Thankful for LGBTQ+ environmentalists
Pride month is a time to celebrate all of our LGBTQ+ climate advocates in CCL and the environmental movement. While there are many queer climate advocates that you should learn more about outside CCL, we also want to recognize one of CCL’s own action teams: the LGBTQIA+ and Allies OUTreach action team.
Callum Cintron has helped spearhead the inclusion of more queer environmentalists into CCL’s climate advocacy movement. They are a student at Oregon State University who is passionate about social change and climate change mitigation. Striving to make the environmental movement inclusive for people of all communities, their work helps make CCL a welcoming place for all.
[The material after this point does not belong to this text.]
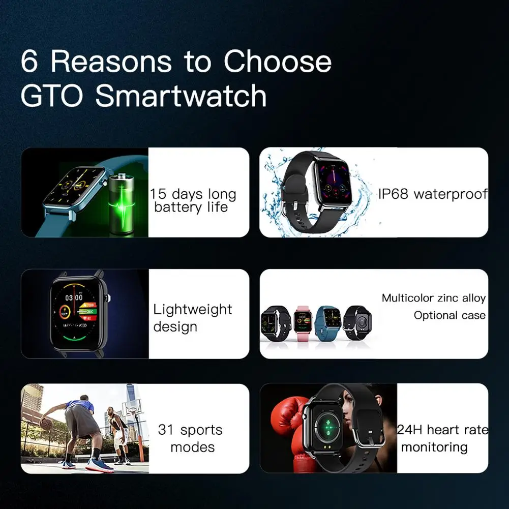 Характеристики:Бренд: KOSPETМодель: GTOРазмер дисплея: 1,4 дюйма (квадратный экран)Тип экрана: TFTBluetooth: версия 4,2Разрешение: 320*320Датчик пульса: Да (HRS330)Датчик G: Да (LIS2DH12TR)Сенсорный режим: один сенсорный экранЦвет: черный/синий/розовыйМатериал корпуса: металл и IMLМатериал ремешка: силиконОперационная система: N/AСистема поддержки: для Android 5,1, для IOS 9,0 и вышеПроцессор: NRF52832Память: 64 КбПЗУ: 64 МбКамера: N/AЗаявление: не применимоМикрофон: N/AМотор: ДаGPS: не применимоФункции:Несколько спортивных режимов: Встроенный 31 вид спортаМониторинг здоровья: пульсометр, Монитор кислорода в кровиМониторинг сна: ДаДругие функции: SMS-напоминание, шагомер, погода, секунды, управление изображением, управление музыкойЯзыки пользовательского интерфейса просмотра: английский, немецкий, французский, испанский, русский, японский, корейский, украинский, турецкий, португальский, индонезийский, китайский (упрощённый), традиционный китайскийЯзыки применения: упрощенный китайский, традиционный китайский, английский, японский, французский, немецкий, испанский, итальянский, португальский, датский, русский, чешский, польский, тайский, шведский, финский, голландский, корейскийРазмер часов:Размер: около φ 45 мм * 33,5 мм * 9,5 мм/1,77*1,32 * дюймаДлина: Около 246 ммРемешок: около 88 мм * 22 мм/3,46*120 дюйма; Около 4,72 мм * 22 мм/* дюймаУровень водонепроницаемости: IP68Аккумулятор: 170 мАчТип батареи: полимерный аккумуляторВремя ожидания: в режиме ожидания: 15 днейЕжедневное использование: 5-7 днейРазмер упаковки: около 98 (Д) мм x 88 (Ш) мм x 49 (В) мм/3,86*3,46 * 1.93inУпаковочный лист:1 * часы для KOSPET GTO1 * зарядный кабель2 ремешка2 * защитная пленка1 * Руководство пользователя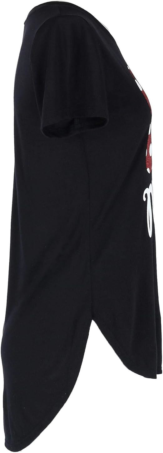 This fabulous short sleeve Minnie Mouse tee shirt features a red and white glitter print bow. The silky soft fabric will surround you with comfort day or night. The scoop neck top is longer in the back for a fashionable fit. This shirt is also available in girls sizes for a mommy and me look.

The LGBTQIA+ and Allies OUTreach action team has had a plethora of queer guest speakers such as comedian Sammie James, founder of 500 Queer Scientists Dr. Lauren Esposito, queer cartoonist Maia Kobabe, and author Syan Rose.
“My work on both teams includes making CCL a more comfortable and welcoming place for people of communities that have not been historically included in the environmental movement,” Callum shares. One project they have successfully worked on was the inclusion of the gender-neutral salutation “Mx.” when contacting Congress.
MI volunteers organize float in July 4 parade
CCL volunteers from the Ann Arbor, Michigan, chapter found a way to enjoy a Fourth of July parade and do some creative grassroots outreach, too. Ann Arbor group leader Ginny Rogers shares more details about the chapter’s parade participation.
“The float was the brainchild of one of our volunteers, Mary Garton.” Ginny says the group wanted “to convey that we’re just ordinary people. I thought it was a great idea, so we decided to just sign up for the parade and get people motivated to join.”
Another chapter member, Clark McCall, also volunteers with Common Cycle, a volunteer-based bicycle repair co-op. Clark arranged for the chapter to borrow one of Common Cycle’s long bike trailers. Mary decided to have two people on the float, one pretending to be a citizen lobbyist, and one pretending to be a member of Congress.
Lila Fetter, a high schooler in the Ann Arbor chapter, played the volunteer, and Ginny played the Member of Congress. Mary pulled the float with her e-bike.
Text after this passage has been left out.